===== Dataset records

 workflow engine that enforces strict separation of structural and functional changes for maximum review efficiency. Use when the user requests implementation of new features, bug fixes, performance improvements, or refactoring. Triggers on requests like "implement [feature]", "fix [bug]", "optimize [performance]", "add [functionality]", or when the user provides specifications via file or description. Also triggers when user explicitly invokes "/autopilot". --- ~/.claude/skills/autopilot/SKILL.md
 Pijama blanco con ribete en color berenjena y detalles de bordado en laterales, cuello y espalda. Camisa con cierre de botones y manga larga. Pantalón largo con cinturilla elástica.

==========
===== Dataset records

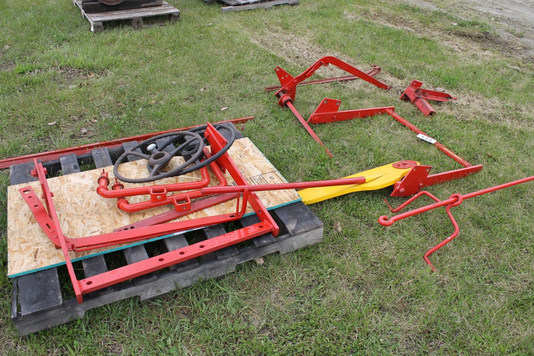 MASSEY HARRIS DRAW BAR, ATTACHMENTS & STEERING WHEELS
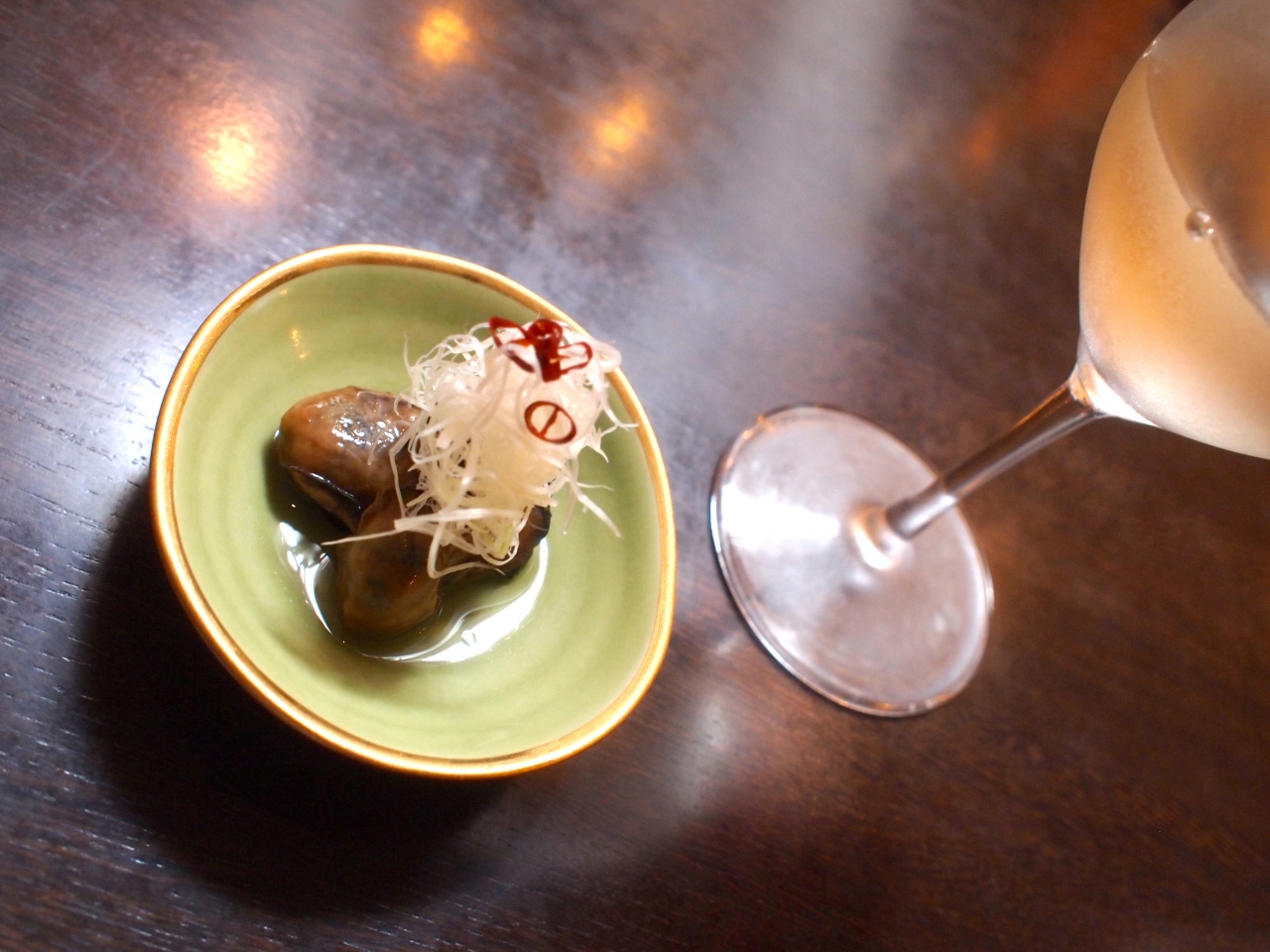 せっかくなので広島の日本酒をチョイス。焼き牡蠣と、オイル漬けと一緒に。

==========

• **Assignment**
Take the lines above starting at the one containing "MASSEY HARRIS DRAW" and ending at the one containing "せっかくなので広島の日本酒をチョイス。焼き牡蠣と、オイル漬けと一緒に。", and print them again exactly, without pictures.

• **Written solution**
 MASSEY HARRIS DRAW BAR, ATTACHMENTS & STEERING WHEELS
 せっかくなので広島の日本酒をチョイス。焼き牡蠣と、オイル漬けと一緒に。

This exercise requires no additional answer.